### Brief
With the images removed, repeat the data below exactly.

### Given information
┌──

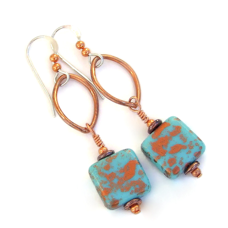 The unique TURQUOISE CRAZE handmade earrings are eye-catching, lightweight and so much fun to wear! One of a kind jewelry, the artisan earrings feature turquoise and copper splash Czech glass squares, marquise shaped copper links, copper findings and sterling silver. Made in the Czech Republic, the glass squares were created from shiny turquoise glass. A vivid, random metallic copper splash design was applied to the front, back and sides. As you can see in the photos, each side is different. The copper splashes absolutely glow against the turquoise color, glistening when the light hits the copper just right. Because the turquoise and copper squares are two-sided, the earrings look fabulous from any angle when worn.
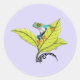 A cute Red Eyed Tree Frog sits upon three leaves against a backdrop of light purple
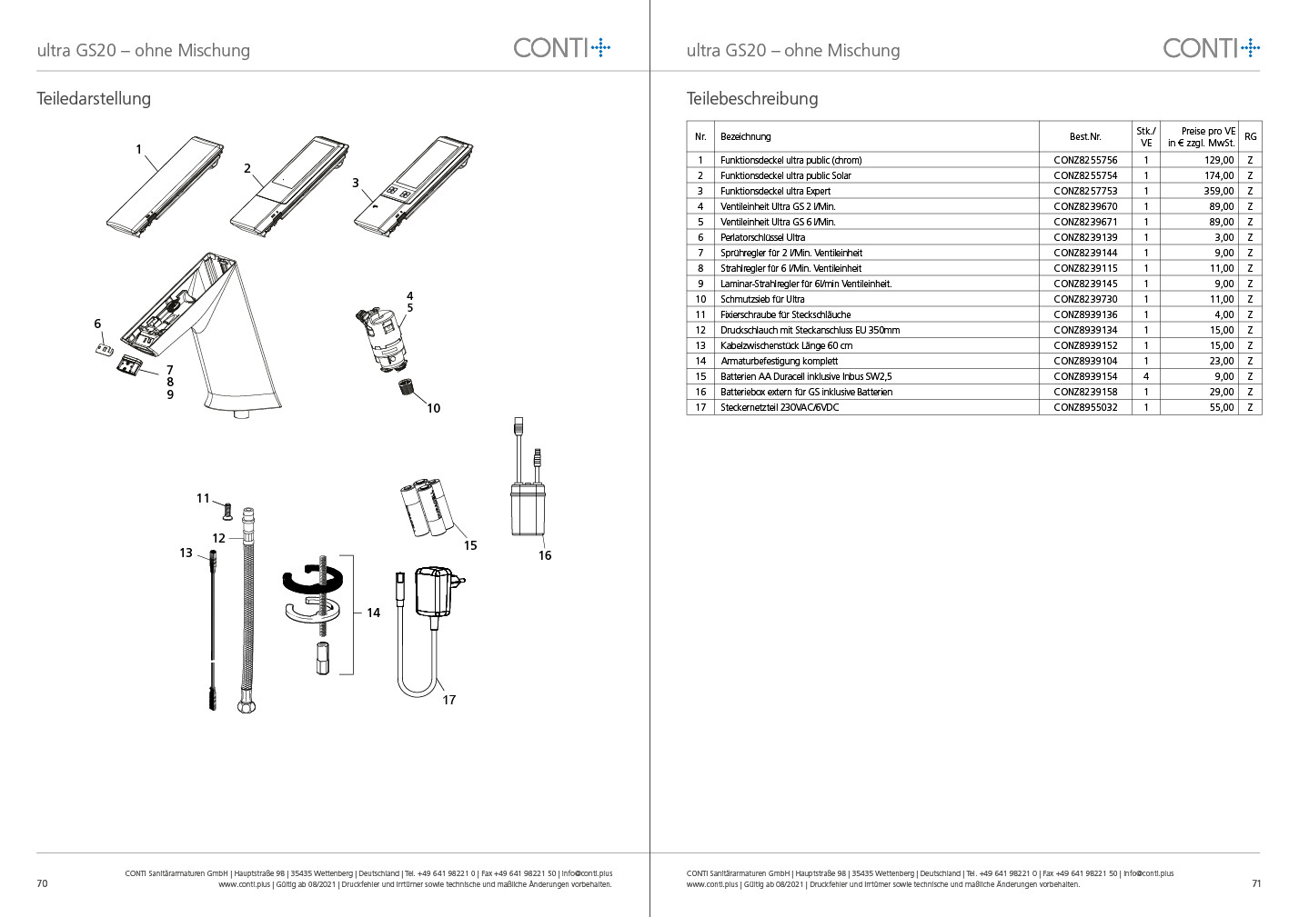 CONTI+ ultra Waschtischarmatur elektrisch, Infrarot-Sensor, VARIOconnect mit Batterie, ohne Mischung, Chrom, GS20
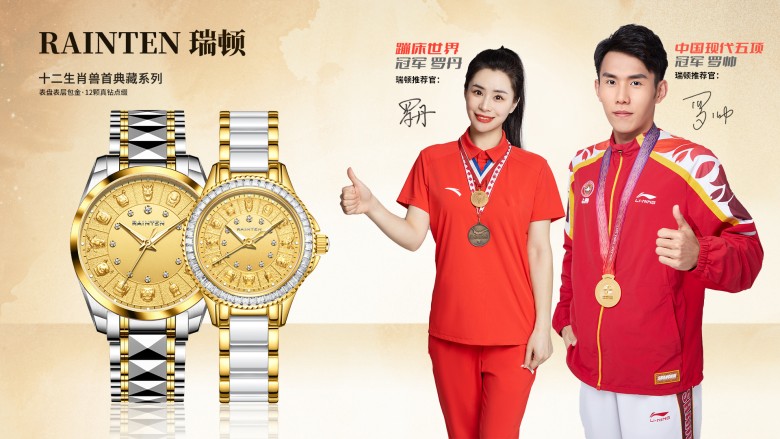 2023年9月1日機(jī)械腕表品牌RAINTEN瑞頓正式官宣,簽約蹦床世界冠軍羅丹(明星代言公司)與中國現(xiàn)代五項(xiàng)冠軍羅帥。

└──

### Exercise answer
 The unique TURQUOISE CRAZE handmade earrings are eye-catching, lightweight and so much fun to wear! One of a kind jewelry, the artisan earrings feature turquoise and copper splash Czech glass squares, marquise shaped copper links, copper findings and sterling silver. Made in the Czech Republic, the glass squares were created from shiny turquoise glass. A vivid, random metallic copper splash design was applied to the front, back and sides. As you can see in the photos, each side is different. The copper splashes absolutely glow against the turquoise color, glistening when the light hits the copper just right. Because the turquoise and copper squares are two-sided, the earrings look fabulous from any angle when worn.
 A cute Red Eyed Tree Frog sits upon three leaves against a backdrop of light purple
 CONTI+ ultra Waschtischarmatur elektrisch, Infrarot-Sensor, VARIOconnect mit Batterie, ohne Mischung, Chrom, GS20
 2023年9月1日機(jī)械腕表品牌RAINTEN瑞頓正式官宣,簽約蹦床世界冠軍羅丹(明星代言公司)與中國現(xiàn)代五項(xiàng)冠軍羅帥。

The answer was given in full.